Penny LaRocque

Medal record

Curling

World Championships

Scotties Tournament of Hearts

= Penny LaRocque =

Canadian curler

Penny LaRocque (born ca. 1943 in Yarmouth, Nova Scotia) is a Canadian retired curler from Halifax, Nova Scotia. She is a former Canadian champion skip and world championship bronze medallist. She retired from curling in 2007.

==Career==
LaRocque has won five provincial women's championships, five provincial mixed titles, and seven provincial seniors titles. Her first provincial title came in 1974, playing second for the Joyce Myers rink, and went 2-7 at the 1974 Macdonald Lassies Championship.. Her second title came in 1978, where she skipped the Nova Scotia rink to a 2nd place finish at the 1978 Macdonald Lassies Championship. She also won the 1979 and 1983 provincial titles as skip, and the 1986 title, playing third for Colleen Jones. LaRocque won her only national title at the 1983 Scott Tournament of Hearts. She represented Canada at the 1983 Pioneer Life World Women's Curling Championship where her rink won the bronze medal.

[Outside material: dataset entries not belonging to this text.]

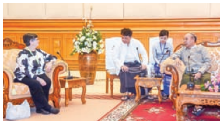
Speaker Mahn Win Khaing Than receives former Swiss President Ms. Ruth Dreifuss.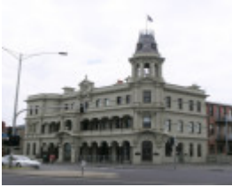
HOTEL VICTORIA SOHE 2008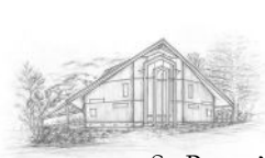
ST PETER'S ONEROA WAIHEKE ISLAND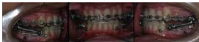
Fig. 1 Herbst appliance with skeletal anchorage

In the test group of 40 patients, a significant ( p < 0.05 ) increase of AD2 was observed after the treatment. Moreover, a significant ( p < 0.05 ) increase of OA and LA was found at T2. An increase of AD1 and AD/PtV was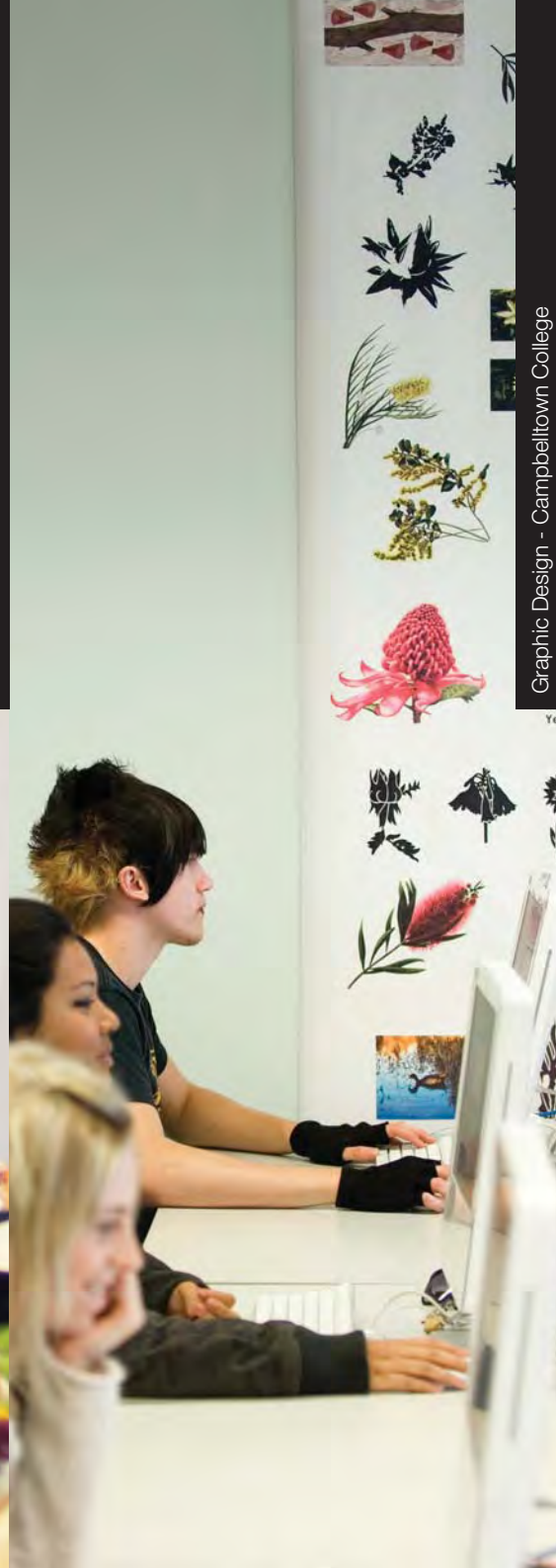
Graphic Design - Campbelltown College

LaRocque's five provincial mixed titles came in 1979, 1981, 1982, 1984 and 1987 playing third in each event for Lowell Goulden (1979), Steve Miller (1981), Steve Ogden (1982 & 1984) and Bill Campbell (1987).

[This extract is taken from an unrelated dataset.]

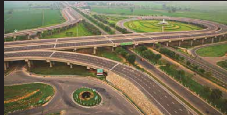
CONNECTED WITH 3 MAJOR EXPRESSWAYS TAJ EX, NOIDA-GR NOIDA EX, FNG EX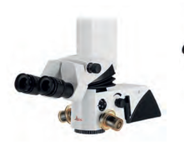
Variable binocular tube

A wide range of observation accessories meets all users' ergonomic requirements, offering the best possible view. The modular system allows a subsequent and straightforward upgrade.

LaRocque's seven provincial seniors titles came in 1996, 1998, 2001, 2004, 2005, 2006, and 2007. She skipped in all but the 2004 and 2005 events, where she played third for Sue Anne Bartlett.

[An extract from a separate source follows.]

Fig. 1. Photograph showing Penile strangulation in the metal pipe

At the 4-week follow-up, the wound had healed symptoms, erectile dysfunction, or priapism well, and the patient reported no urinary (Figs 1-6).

LaRocque was inducted into the Canadian Curling Hall of Fame in 1989 and the Nova Scotia Sport Hall of Fame in 2007.

==Politics==
LaRocque ran for the Nova Scotia Liberal Party in the riding of Halifax Bedford Basin in the 1988 Nova Scotia general election. She lost to the Progressive Conservative candidate, Joel Matheson by 1500 votes.